■ **DATA SHOWN**
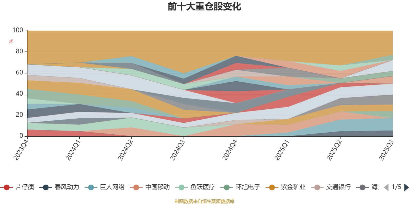 该基金持股集中度较高。截至2025年三季度末,基金十大重仓股分别是巨人网络、科沃斯、美的集团、海大集团、九号公司、环旭电子、紫金矿业、春风动力、华测导航、国光股份。
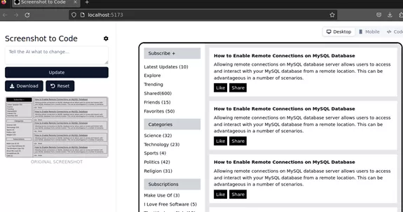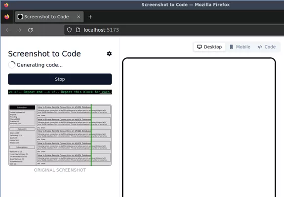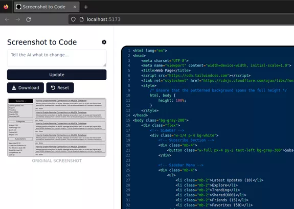 If you are looking for an AI based tool that can generate code by reading a screenshot image, then the tool I have mentioned here will work perfectly. With this, you can take the capabilities of GPT-4 vision to the next level. Apart from the screenshot, you can simply give it an exported Figma UI design as an image and it will generate the code for you.
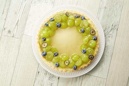 あらかじめ焼いてあったクッキー生地にカスタードを流して、シャインマスカットで飾っていこう。カスタードの黄色とシャインマスカットの緑色がよくマッチするタルトになる。カスタードクリームの代わりに、マスカルポーネを使ったチーズクリームを使っても美味しい。

■ **PROBLEM REQUIREMENTS**
Line by line, write out the material exactly, leaving the images out.

■ **ANSWER BOX**
 该基金持股集中度较高。截至2025年三季度末,基金十大重仓股分别是巨人网络、科沃斯、美的集团、海大集团、九号公司、环旭电子、紫金矿业、春风动力、华测导航、国光股份。
 If you are looking for an AI based tool that can generate code by reading a screenshot image, then the tool I have mentioned here will work perfectly. With this, you can take the capabilities of GPT-4 vision to the next level. Apart from the screenshot, you can simply give it an exported Figma UI design as an image and it will generate the code for you.
 あらかじめ焼いてあったクッキー生地にカスタードを流して、シャインマスカットで飾っていこう。カスタードの黄色とシャインマスカットの緑色がよくマッチするタルトになる。カスタードクリームの代わりに、マスカルポーネを使ったチーズクリームを使っても美味しい。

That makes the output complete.